Колоректального рака на поверхности клеток белков профилировки с Microarray антитела и флуоресценции мультиплексирования
Summary
Мы описали процедуру разбивки колоректального рака (КРР) для получения жизнеспособных отдельных клеток, которые затем захвачен на индивидуальные микрочипов антител признании поверхностных антигенов (DotScan CRC микрочипов). Суб-популяции клеток, связанных с микрочипов можно профилировать по флуоресценции мультиплексирования с использованием моноклональных антител помеченные флуоресцентными красителями.
Abstract
The current prognosis and classification of CRC relies on staging systems that integrate histopathologic and clinical findings. However, in the majority of CRC cases, cell dysfunction is the result of numerous mutations that modify protein expression and post-translational modification1.
A number of cell surface antigens, including cluster of differentiation (CD) antigens, have been identified as potential prognostic or metastatic biomarkers in CRC. These antigens make ideal biomarkers as their expression often changes with tumour progression or interactions with other cell types, such as tumour-infiltrating lymphocytes (TILs) and tumour-associated macrophages (TAMs).
The use of immunohistochemistry (IHC) for cancer sub-classification and prognostication is well established for some tumour types2,3. However, no single ‘marker’ has shown prognostic significance greater than clinico-pathological staging or gained wide acceptance for use in routine pathology reporting of all CRC cases.
A more recent approach to prognostic stratification of disease phenotypes relies on surface protein profiles using multiple ‘markers’. While expression profiling of tumours using proteomic techniques such as iTRAQ is a powerful tool for the discovery of biomarkers4, it is not optimal for routine use in diagnostic laboratories and cannot distinguish different cell types in a mixed population. In addition, large amounts of tumour tissue are required for the profiling of purified plasma membrane glycoproteins by these methods.
In this video we described a simple method for surface proteome profiling of viable cells from disaggregated CRC samples using a DotScan CRC antibody microarray.
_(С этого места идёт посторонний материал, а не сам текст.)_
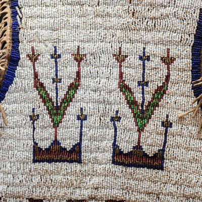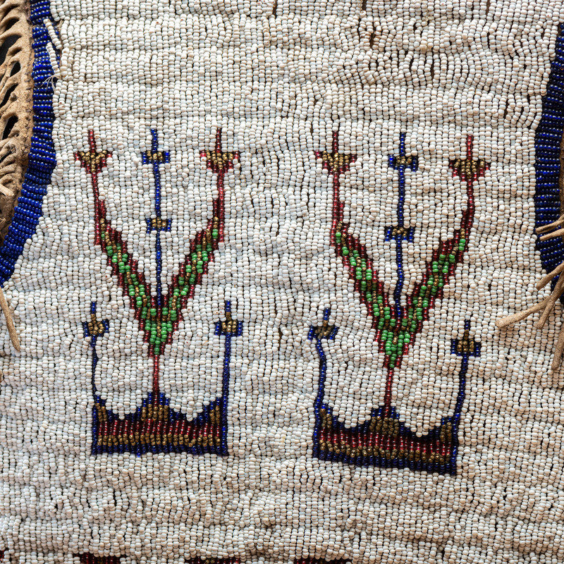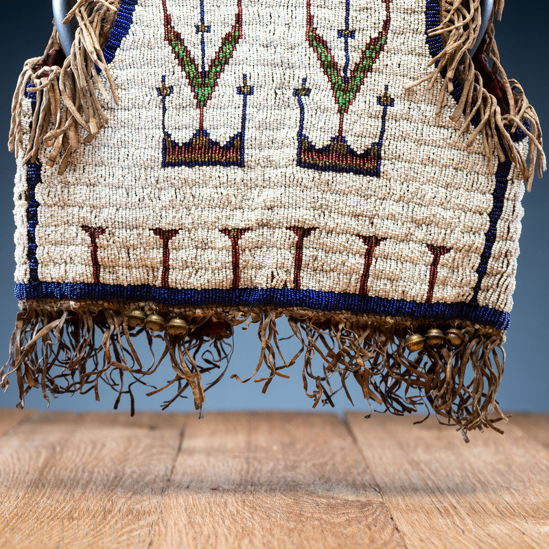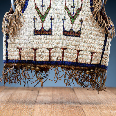 thread and sinew-sewn; beaded in colors of white, rose, dark blue, cut brass, and pea green; interior lined with patterned cotton; hide thong ties with brass bells

The 122-antibody microarray consists of a standard 82-antibody region recognizing a range of lineage-specific leukocyte markers, adhesion molecules, receptors and markers of inflammation and immune response5, together with a satellite region for detection of 40 potentially prognostic markers for CRC. Cells are captured only on antibodies for which they express the corresponding antigen. The cell density per dot, determined by optical scanning, reflects the proportion of cells expressing that antigen, the level of expression of the antigen and affinity of the antibody6.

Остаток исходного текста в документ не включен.